**REQUIRED ACTION**
The entries below contain pictures. Write out only the lines from the line with "00:23:22 | 1280x720 |" up to and including the line with "MaxiCor® forte enthält", exactly, without them.

── MATERIAL SHOWN ──

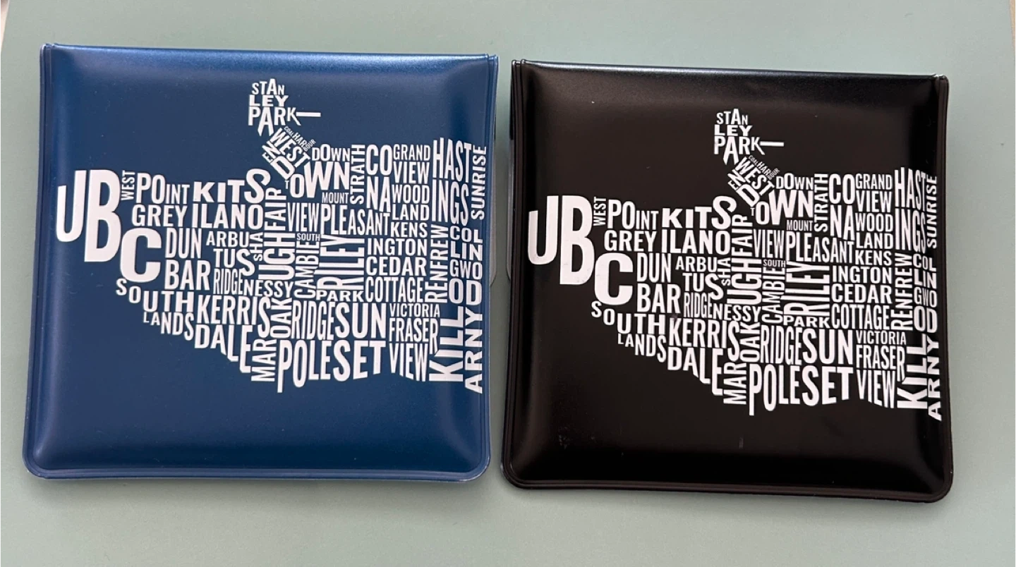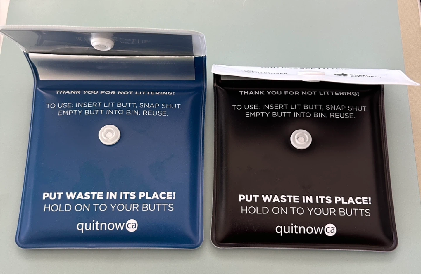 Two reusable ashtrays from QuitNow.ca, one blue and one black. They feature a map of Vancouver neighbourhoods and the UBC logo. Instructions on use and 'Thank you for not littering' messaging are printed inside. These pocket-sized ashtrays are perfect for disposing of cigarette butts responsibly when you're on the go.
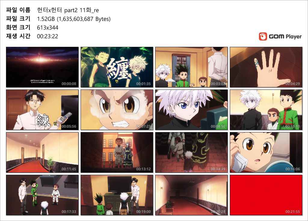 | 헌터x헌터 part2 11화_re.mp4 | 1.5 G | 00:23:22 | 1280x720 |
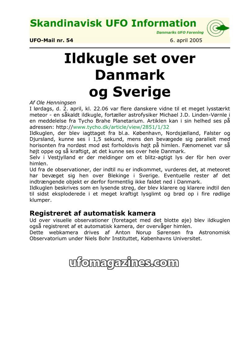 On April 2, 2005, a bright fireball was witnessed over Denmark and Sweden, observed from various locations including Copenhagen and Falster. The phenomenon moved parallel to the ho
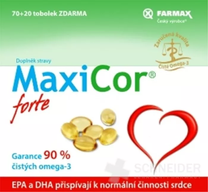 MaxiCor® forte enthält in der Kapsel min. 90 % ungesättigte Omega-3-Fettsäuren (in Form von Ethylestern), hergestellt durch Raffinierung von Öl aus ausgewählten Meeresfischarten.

───
── MATERIAL SHOWN ──

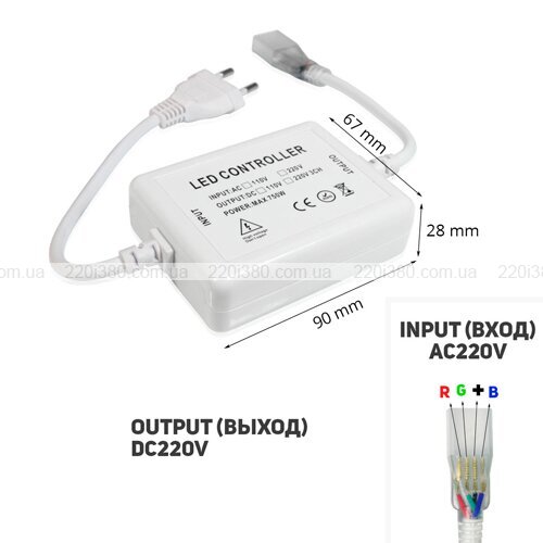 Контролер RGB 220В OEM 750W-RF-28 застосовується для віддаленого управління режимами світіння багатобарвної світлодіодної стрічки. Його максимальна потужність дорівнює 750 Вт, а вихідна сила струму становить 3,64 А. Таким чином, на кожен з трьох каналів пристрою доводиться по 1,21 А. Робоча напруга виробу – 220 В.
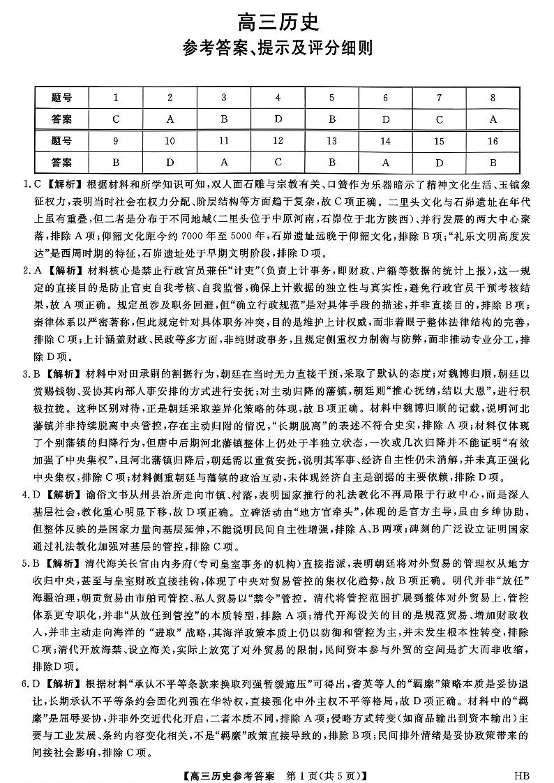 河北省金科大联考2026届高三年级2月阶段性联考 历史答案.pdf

───

**ANSWER SECTION**
 | 헌터x헌터 part2 11화_re.mp4 | 1.5 G | 00:23:22 | 1280x720 |
 On April 2, 2005, a bright fireball was witnessed over Denmark and Sweden, observed from various locations including Copenhagen and Falster. The phenomenon moved parallel to the ho
 MaxiCor® forte enthält in der Kapsel min. 90 % ungesättigte Omega-3-Fettsäuren (in Form von Ethylestern), hergestellt durch Raffinierung von Öl aus ausgewählten Meeresfischarten.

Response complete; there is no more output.